2. Que es?
Christopher Bailey is at an odd point in his career. As Burberry's CEO, he can now call all the
shots, but the way he contextualizes his product for the world is teetering on the brink of cliché.
Case in point: the angst-y troubadour James Bay, who played live during today's show. But
when Bailey called his latest collection "The Birds and the Bees," his motives can't have been as
wide-eyed innocent as the Burberry slate suggests. Clothes as sheer and curvy as these were
scarcely designed with the ingenue in mind, a point that was more than reinforced by well-
seasoned tabloid fixtures Kate and Cara parked front-row-center.

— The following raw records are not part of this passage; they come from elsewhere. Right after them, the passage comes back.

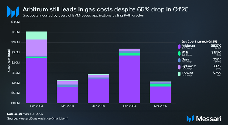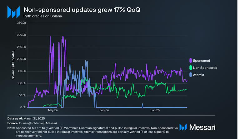 In Q4’24, sponsored updates became the dominant transaction type on Solana, reflecting a growing preference for automated price refresh mechanisms. That trend largely persisted into Q1’25, although with notable shifts across update categories. Sponsored updates remained the largest category, totaling 12.52 million transactions in Q1’25. This represented a 1.0% increase from 12.38 million in Q4’24. These updates are powered by the Pyth Scheduler, a permissionless offchain service that regularly submits verified prices using Wormhole Guardian signatures. Their continued dominance suggests growing adoption of scheduled oracle updates across Solana-based applications.
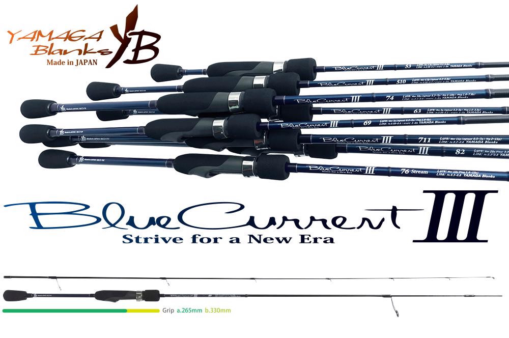 Diese Serie repräsentiert die Hauptrichtung der Light Game Linie von Yamaga Blanks. Zu den Zielen der BlueCurrent III gehören ein breiterer Wurfpunkt, der das Werfen erleichtert, eine nahtlose Biegung, die den Spannungsverlust verhindert, und eine Verlängerung der Anglerhand für schnellere Reaktionen.
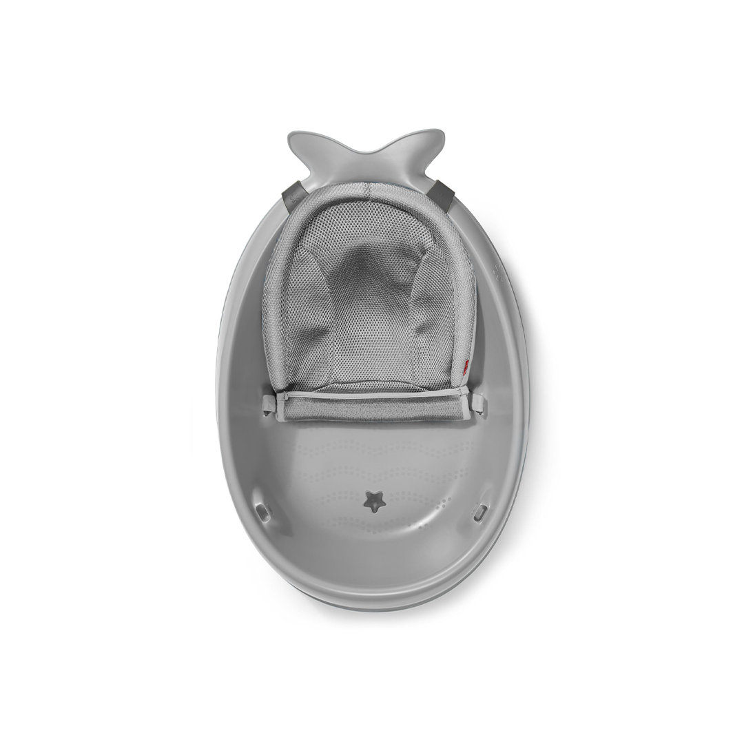 Nossa alegre banheira Moby em forma de baleia cresce com o bebê em três estágios e oferece suporte Smart Sling ™. A funda bloqueia em duas posições ergonômicas: mais alto para suporte de corpo inteiro e mais baixo para suporte sentado. Malha de duas camadas e construção de ponta confortável acomodam o bebê com segurança da cabeça aos pés. As fundas se ajustam a um assento acolchoado que ajuda os bebês a aprenderem a sentar-se confortavelmente. Remova a tipoia quando o bebê tiver dominado a posição sentada e dê banho facilmente na banheira espaçosa - sem protuberâncias de plástico desconfortáveis.
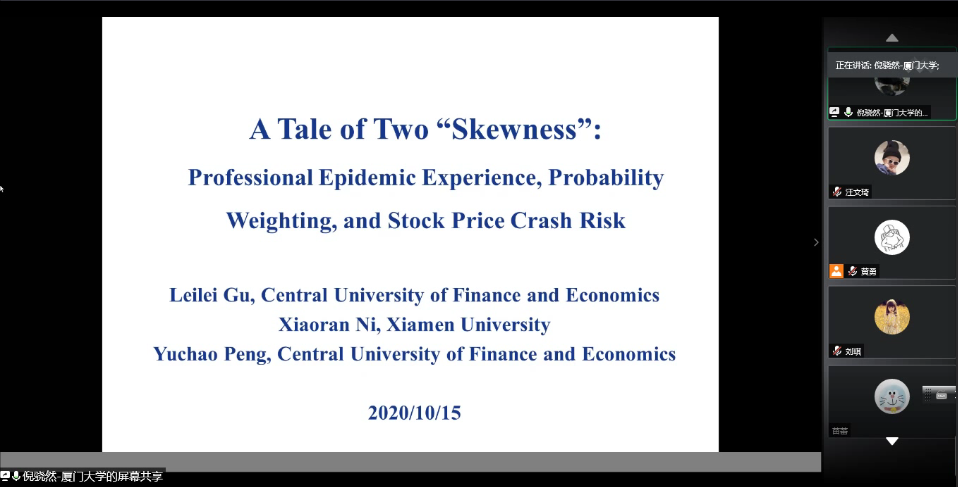 2020年10月15日,“中南·会计Seminar”第82期在腾讯会议线上成功举行。厦门大学倪骁然助理教授应邀为我院师生作了题为《A Tale of Two “Skewness”: Professional Epidemic Experience, Probability Weighting,and Stock Price Crash Risk》的学术报告。
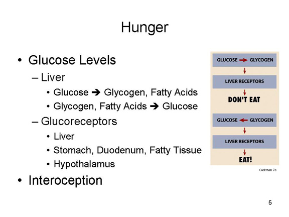 - The liver keeps blood glucose levels roughly constant. If there is too little glucose in the bloodstream, signals from the liver will initiate eating behavior. If there is too much glucose in the bloodstream, the liver will send signals that terminate eating behavior.
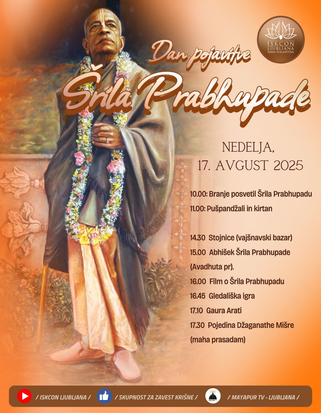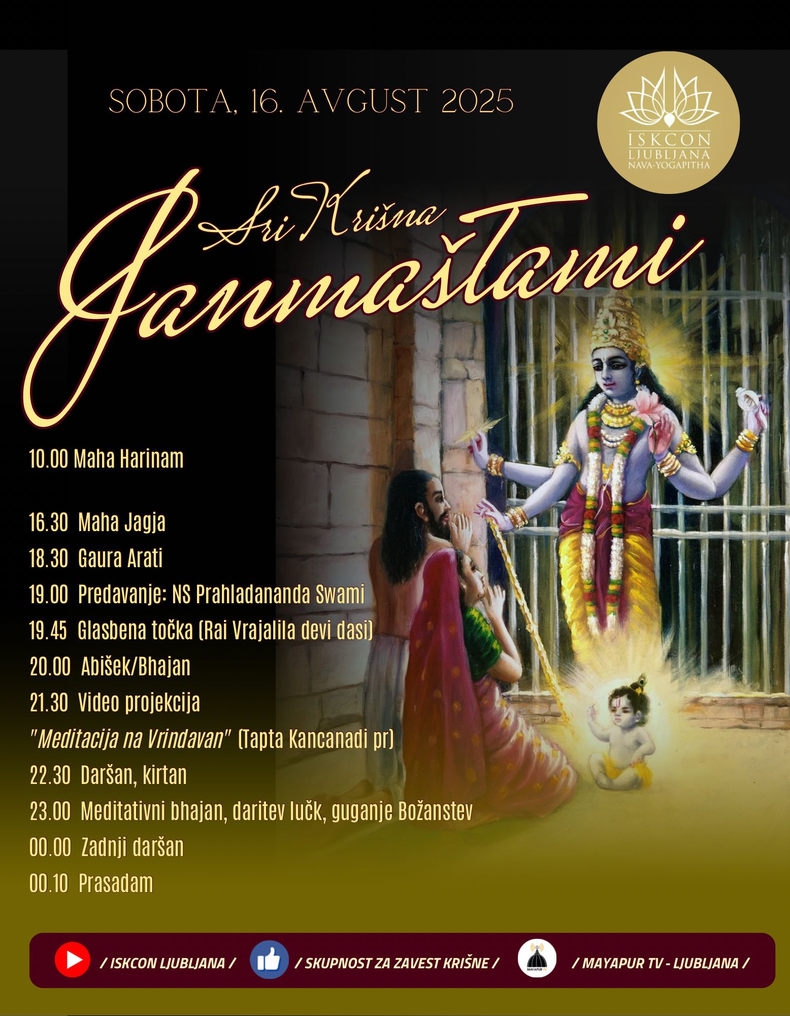 Slovenska Poletna Jatra vas vabi na DUHOVNI UMIK 2025 - »Japa duhovni umik z NM Mahatmo prabhujem Hare Krišna, dragi bhakte! Prosimo, sprejmite naše ponižno spoštovanje! Vsa slava Šrila Prabhupadu! Lepo vabljeni na 5-dnevno nepozabno transcendentalno izkušnjo na DUHOVNI UMIK, ki bo potekal sredi gozdov na idiličnem Pohorju. Pošiljamo vam samo osnovno informacijo tako da […]
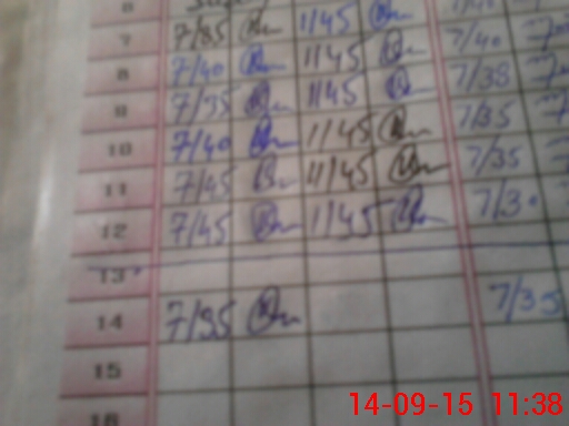 | Monitoring Date: 14-09-2015 | Start Time: 14-09-2015 11:22 AM | End Time: 14-09-2015 11:41 AM | Name of MEA: Z.**** M.Is**** | |
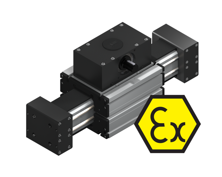 Das anschlussfertige Linearachssystem ELFZex besteht aus einer speziellen Hubeinheit mit außenliegenden Rollführungen und exakt abgestimmten Antriebskomponenten (Servomotor & Servoverstärker). Der Antrieb erfolgt über einen umlaufenden Zahnriemen. Die Arbeitsweise entspricht der eines einfachen Flaschenzuges. Das Positioniersystem ist zum bestimmungsmäßigem Gebrauch in explosionsgefährdeten Bereichen geeignet; z.B. in hochsensiblen Umgebungen wie der Mehlproduktion, Holzbearbeitung oder in Lackieranlagen. Das System ist für folgende Bereiche zertifiziert:
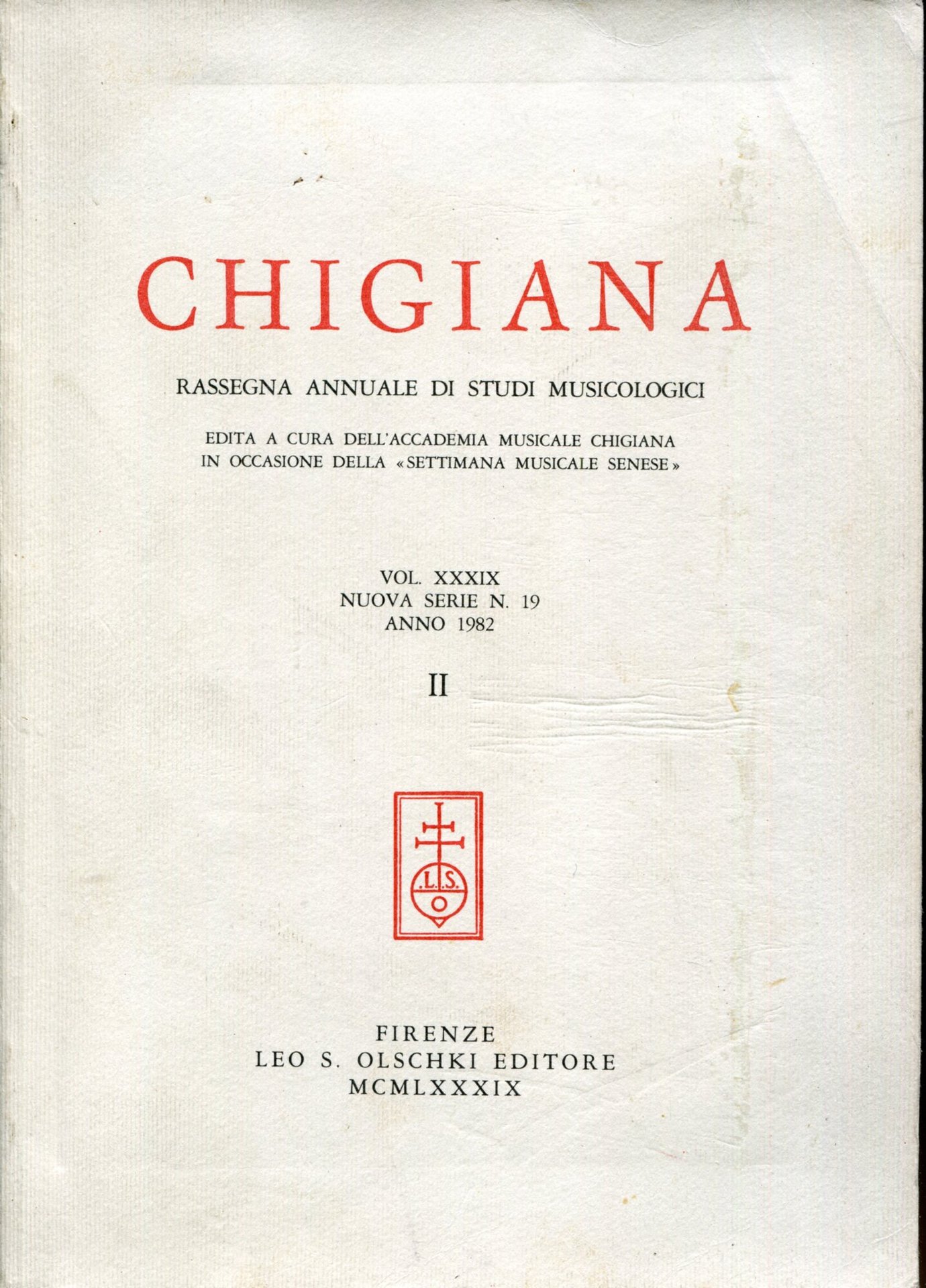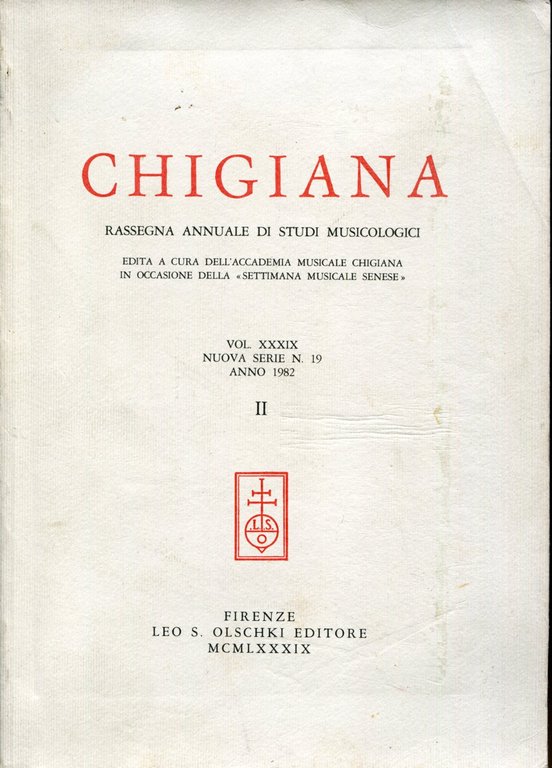 Chigiana. Rassegna annuale di studi musicologici edita a cura dell'Accademia Musicale Chigiana in occasione delle 'Settimane Musicali Senesi', nuova serie n. 19, anno 1982

And yet it was some idealized vision of an English summertime that Bailey insisted he was
invoking. That's why he showed trainers you could run through a meadow in. A feeling of
freedom, he said. Same with all the sheer dresses, ruched or tiered tulle. Nothing to hide. Life
lived online. Over these dresses, Bailey laid tiny little shearlings, or wasp-waisted denim jackets,
like afterthoughts of definition. Often, he'd tie them with swatches of fabric, the way you see
bunches of flowers tied sometimes.
Lovely as that notion was, it couldn't add any spine to the collection. For that, Bailey relied on a
finale of unique linen trenches, hand-screened in the shapes and colors of beautiful old book
covers. Like all huge fashion businesses, the product that Burberry produces is now heavily
industrialized, and the key to customer engagement in the future is personalization. As far as that
currently goes, the trenches were gorgeous.